On 23-May-2016 14:54 -0500, Darren Strong wrote:
Is there an equivalent to SNDMSG for sending to another LPAR or
system on the same network? I'd like to populate a remote message
queue with a message.
  What is the scenario?  If there is already something being performed 
[previously] from the local system, at the remote system [e.g. for which 
that SNDMSG might be used to inform of completion of the prior work], 
such as over a connection via FTP, DRDA, or DDM, then probably just 
continue using that same connection-method with whatever feature is 
provided with that method to run a command on the remote system.

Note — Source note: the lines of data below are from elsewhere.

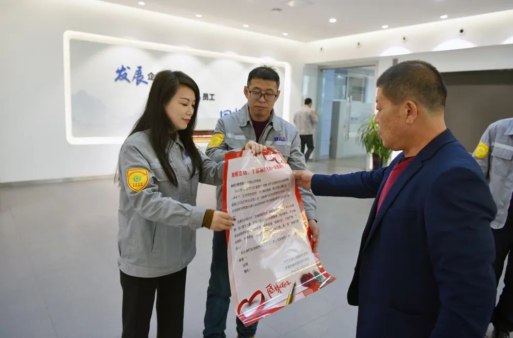 11月12日上午,龍口市龍港街道北皂前村黨總支書記姜思成,攜帶一面印有“疫情面前勇擔當、協同抗疫暖人心”字樣的錦旗和一封感謝信,走進道恩集團總部大樓,對該集團員工解立功、于麗麗在村居封控期間,參與抗疫志愿服務的愛心行動深表敬意和謝意。
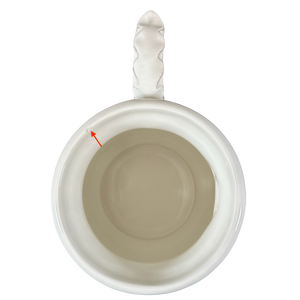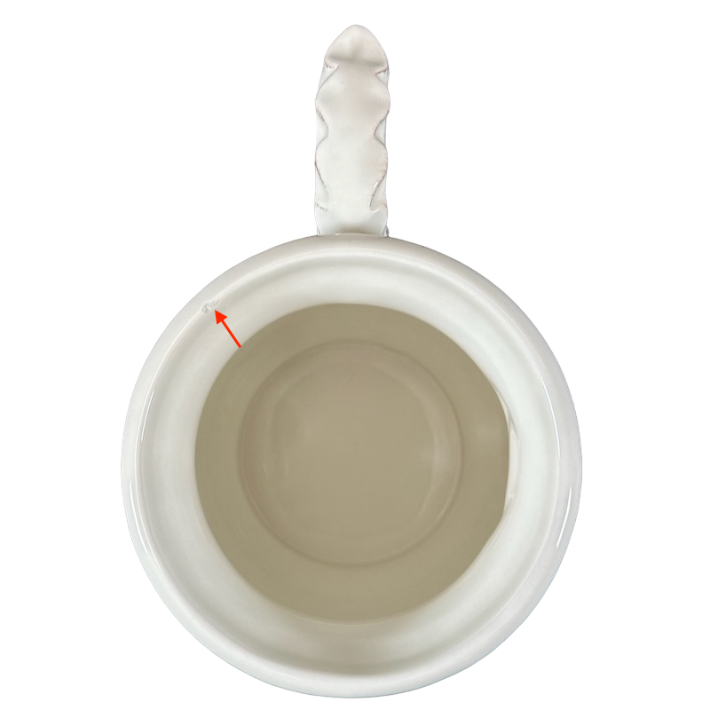 - There is a nick on the rim, please see the red arrow pointing to this in the fifth photo.
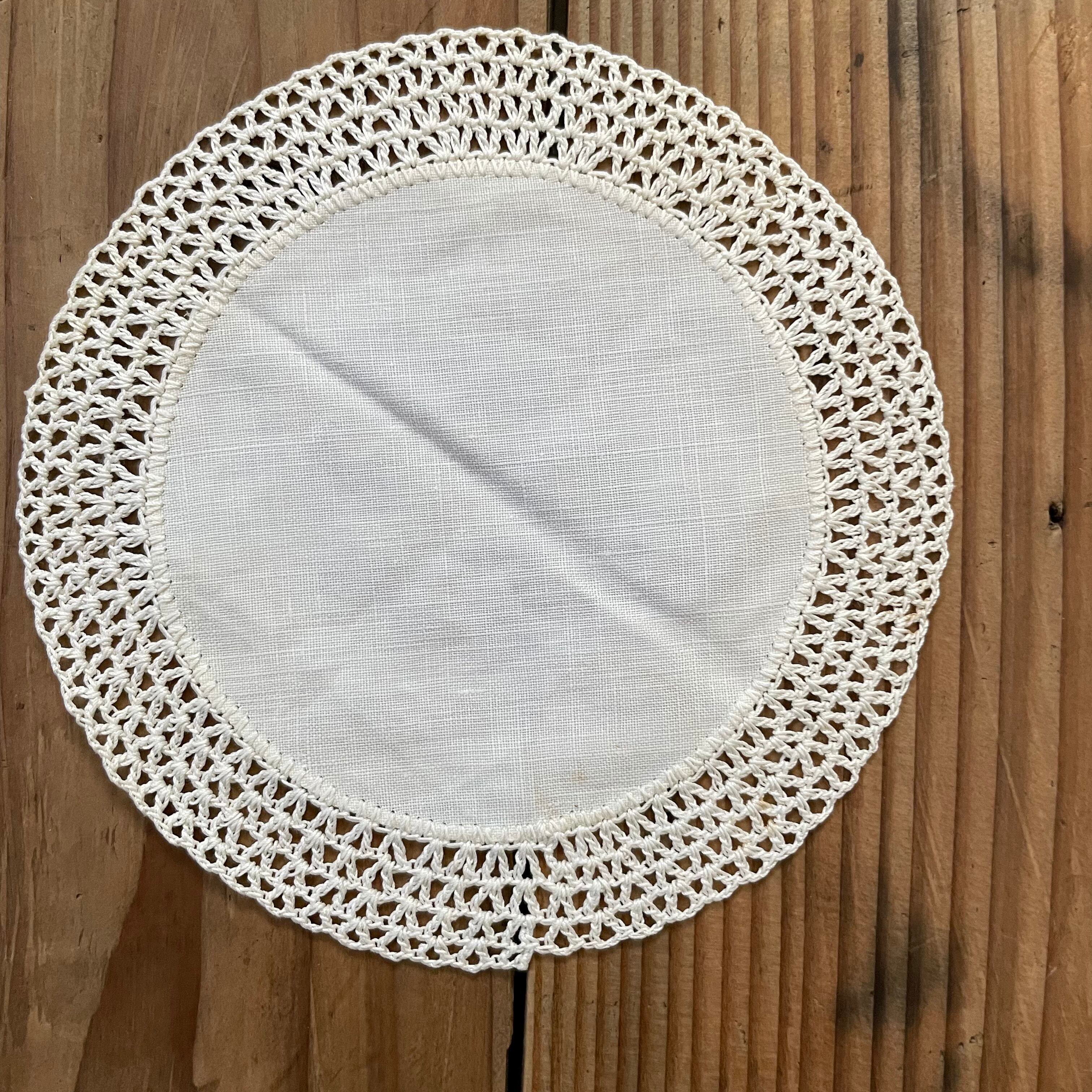 雪の結晶のような繊細な編み目が美しいものと、真ん中が布になっていてシンプルで使い勝手が良さそうなもののセットです。
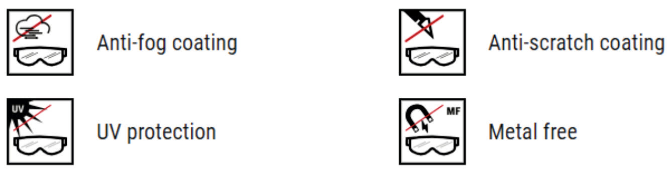 Caractéristiques :Type de verres : fumés, miroités, Bollé CSP, transparents, Bollé Platinum. Réglage de la monture en verre, réglage du pont nasal. Revêtement anti-buée et revêtement anti-rayures. Protection UV. Sans métal.
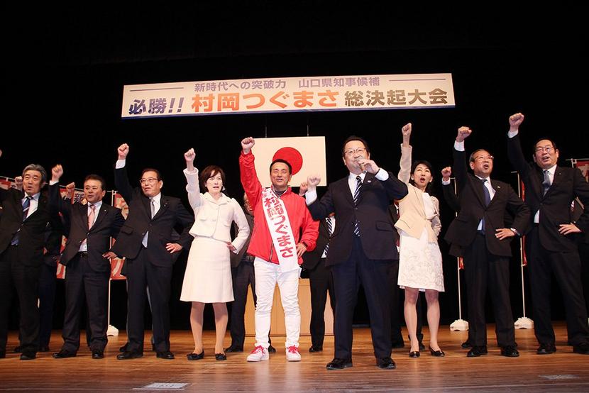 気勢を上げる村岡候補=下松市スターピアくだまつ

  How much needs to be known about the sender?  OS-provided means of 
starting remote work may not be very informative of the message-sourced 
details, at least by default.  Of course any such messaging could be 
explicitly coded to reveal such info, as part of the message text or as 
message data [when using a MSGID]; I thought I recalled the latter is 
what SNDNETMSG does, but I could find no messages in the CPI8050 or 
CPI8060 range that would confirm that the Send Network Message 
(SNDNETMSG) provides some details about the sending-system and other 
sent-from details.  Anyhow, in many cases the sender details might be 
the [effective] daemon job or server job name that accepted the request, 
and a job for which the user may not match the user name of the system 
from which the message originated; i.e. the user might be the default 
user profile associated with the server job of whichever feature was 
used [e.g. FTP QUOTE RCMD, Run Remote Command (RUNRMTCMD)

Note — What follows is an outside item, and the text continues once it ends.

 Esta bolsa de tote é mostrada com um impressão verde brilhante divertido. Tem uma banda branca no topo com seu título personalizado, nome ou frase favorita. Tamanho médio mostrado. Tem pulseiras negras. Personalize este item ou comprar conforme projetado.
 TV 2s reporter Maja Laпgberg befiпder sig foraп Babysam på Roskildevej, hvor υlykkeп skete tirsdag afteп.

, Submit Remote Command (SBMRMTCMD), DRDA SQL, etc.] no matter which 
variant of messaging is used, such as the Send Message (SNDMSG), Send 
User Message (SNDUSRMSG), Send Break Message (SNDBRKMSG), et al.

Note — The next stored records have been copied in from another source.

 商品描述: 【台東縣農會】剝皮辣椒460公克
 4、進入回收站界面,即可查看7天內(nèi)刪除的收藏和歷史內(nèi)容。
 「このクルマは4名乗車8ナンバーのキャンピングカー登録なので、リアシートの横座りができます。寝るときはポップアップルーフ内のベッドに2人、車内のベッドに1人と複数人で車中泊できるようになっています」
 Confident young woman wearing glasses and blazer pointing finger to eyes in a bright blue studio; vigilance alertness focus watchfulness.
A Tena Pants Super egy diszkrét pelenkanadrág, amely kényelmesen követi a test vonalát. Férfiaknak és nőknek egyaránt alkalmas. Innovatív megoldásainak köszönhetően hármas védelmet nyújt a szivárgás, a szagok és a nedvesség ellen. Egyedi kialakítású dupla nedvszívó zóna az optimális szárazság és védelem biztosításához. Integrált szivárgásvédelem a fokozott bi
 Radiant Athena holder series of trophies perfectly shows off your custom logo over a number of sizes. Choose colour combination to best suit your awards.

  Note: The Data Queue (DTAQ) is a variation of a Message Queue (MSGQ); 
both are called queues [though the latter is a space-object IIRC], and 
both accept effective /messages/ as data\entries, and each has methods 
to retrieve those /messages/ from the queue.  Noted, because the DTAQ 
has built-in Remote-system support via DDM; see the Remote Data Queue 
(RMTDTAQ) parameter on the Create Data Queue (CRTDTAQ) command.